Children Develop Stronger Social Skills

If you have kids or plan to, a pet can meaningfully shape their emotional development. Children who form strong bonds with their pets score higher on measures of empathy and prosocial behavior. They also show greater self-reliance and independent decision-making skills compared to children without pets. These aren’t small differences. A systematic review of the research found that the developmental benefits clustered around social competence, social communication, and the ability to read and respond to others’ emotions.

There’s also an immune system argument for early exposure. Several studies suggest that children exposed to dogs in infancy have roughly a 50% reduced risk of developing asthma by school age, though the evidence isn’t perfectly consistent. A meta-analysis of 12 studies found a 23% reduction in asthma diagnosis for children exposed to dogs early in life. The theory is that early contact with pet-related microbes helps train the immune system to tolerate common allergens rather than overreact to them.

The Real Cost in Money and Time

None of these benefits come free. In 2025, the average U.S. dog owner spends about $2,524 per year on their pet, covering food, veterinary care, grooming, and supplies. Cat owners spend less, around $1,499 per year, but that’s still a significant recurring expense. Emergency vet visits, which aren’t always included in those averages, can easily add $1,000 or more in a single trip.

Time is the other major commitment. Dogs need a minimum of two hours of dedicated social time with people every day, and three to four hours is closer to ideal. That includes walks, play, training, and simply being present and engaged. Dogs that are left alone for long stretches without enrichment develop behavioral problems, from destructive chewing to anxiety-driven barking, which create stress rather than relieve it.

Cats are less demanding on the time front, but they still need daily play, litter box maintenance, and veterinary care. Any pet represents a years-long commitment: 10 to 15 years for most dogs, 12 to 18 for cats. If your schedule, housing, or finances are unstable, the stress of struggling to care for a pet can outweigh the benefits.

Pets Can Also Help at Work

Workplaces that allow dogs report some interesting dynamics. Employees who bring their dogs to work show greater dedication, lower intention to quit, and stronger feelings of control over their workday. They also take more short, restorative breaks, stepping away from their screens to walk or play with their dog, then returning with better focus.

The flip side is real, though. Poorly behaved dogs are a distraction for everyone in the office, not just the owner.
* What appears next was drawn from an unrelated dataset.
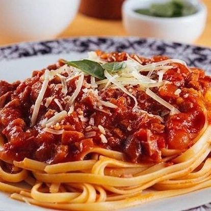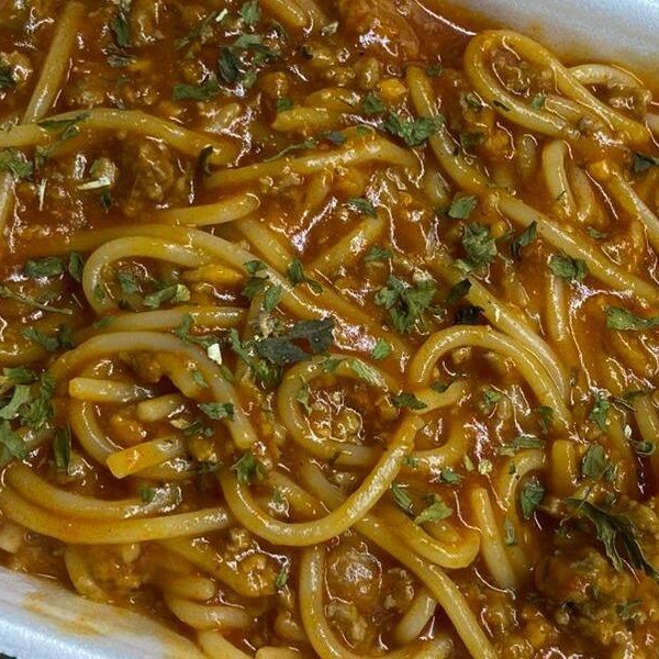 Cozido na medida certa, servido com molho à bolonhesa de carne, temperos especiais e azeite, garantindo sabor.

The workplace benefit depends entirely on having a well-trained, calm animal. If your dog barks at strangers or chews on office furniture, bringing them to work creates problems rather than solving them.

Matching the Right Pet to Your Life

The health and emotional benefits of pet ownership are well documented, but they depend on a good fit between the animal and your actual lifestyle. A high-energy dog breed in a small apartment with an owner who works 12-hour shifts is a recipe for frustration on both sides. A cat might be the better choice if your schedule is unpredictable, your space is limited, or you prefer a more independent companion.

Smaller commitments can still deliver real benefits. Fish tanks have been shown to lower heart rate in dental waiting rooms. Even brief interactions with therapy animals produce measurable stress reduction. If you’re drawn to the idea of a pet but uncertain about the commitment, volunteering at a shelter or fostering an animal temporarily lets you experience the benefits before making a permanent decision.